A fourth run, Hayes said, will be a loss-of-vacuum test, which is "bound to happen sometime on a vehicle. As the air enters, the wheel should heat up as it slows down. We want to see whether it will cause failure." The other participating flywheel companies, Trinity and us. Flywheel, plan to perform similar spin tests on their rotor designs.

Figure 4
Engineers at the Center for Electromechanics fabricated this composite flywheel (left) with weakened graphite fibers so it would burst at a specified rotational speed. Fragments from the wheel failure are shown on the right.
CONTAINMENT SCHEMES
Once the test data are in, engineers hope to come up with some innovative concepts that will lead to a feasible and reliable containment system, DARPA's Gully said. According to CEM research engineer Mark Pichot, there are several classes of containment schemes. "First is the brute-force approach using heavy-walled pressure vessels." The rigid structure will handle the high forces, but difficulties in limiting torque loads on the mounting systems and the high weight make them less than optimal for vehicles, he said.
Another concept is a rotatable ring that spins to soak up energy when impacting flywheel fragments transmit their high torque. "By spreading the torque over time, this approach limits the forces that must be contained," Hayes said. The other general containment design would rely on an energy-absorbing liner; "this is the soft-catch approach-something like a catcher's mitt," Pichot said.
According to Pichot, some sort of hybrid or combination approach may finally end up being used in commercial applications.

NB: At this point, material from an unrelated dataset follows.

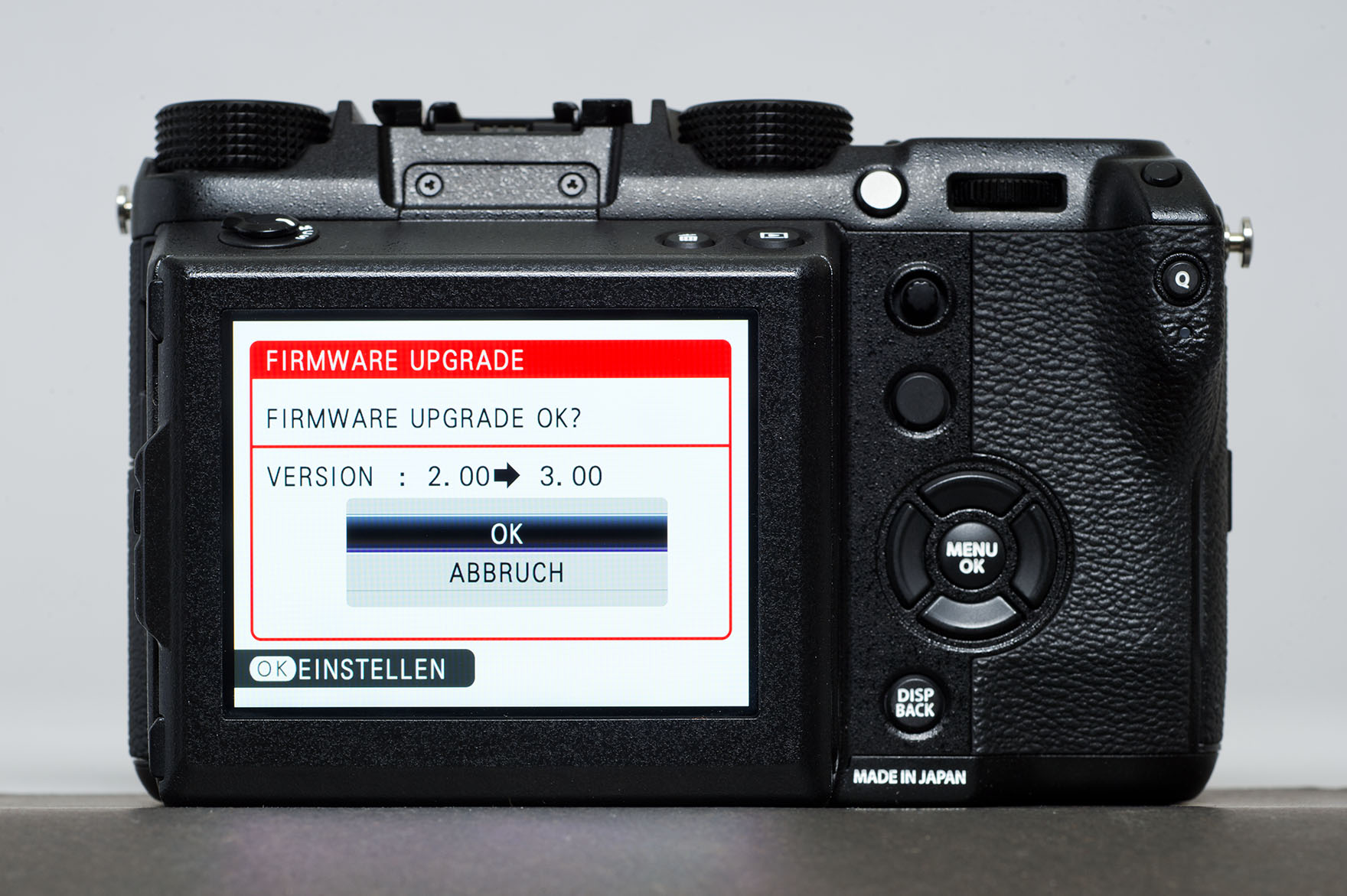 Hat man das herunter geladene Firmware-Update auf eine SD-Karte kopiert und die Karte in der Kamera einglegt, muss man beim Einschalten der Kamera die DISP-Taste gedrückt halten. Dann wird die aktuelle Firmware angezeigt und man kann das Update auslösen.
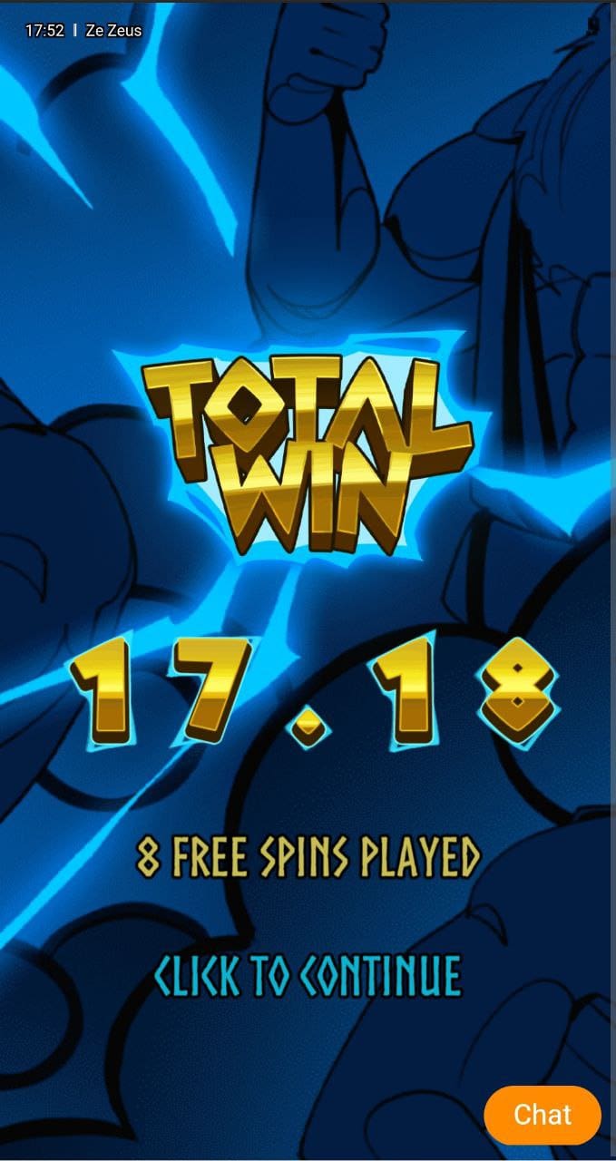 I did get the 35 free spins worth €0.10 each on Rich Wilde and the Book of the Dead, and when I entered the game I got a popup saying I got free spins on Ze Zeus (by Hacksaw Gaming) too. I got 20 spins worth €0.10 each, went to play that game first, and triggered the bonus round with my first spin! Edward is born under a lucky star, you know it! Won an amazing €17.18 in the bonus round, which is 172x my bet. Sweet as. In the end, I won €17.99.

"Flywheel developers are clearly concerned about safety containment," said Test Devices' Sonnichsen. "Lots of people believe that flywheels can't be accepted widely until the safety problem is addressed. But they could not afford the effort necessary to research it because they are focused on making the wheels themselves work. Now, with the DARPA cooperative research project, they can develop containment systems they need."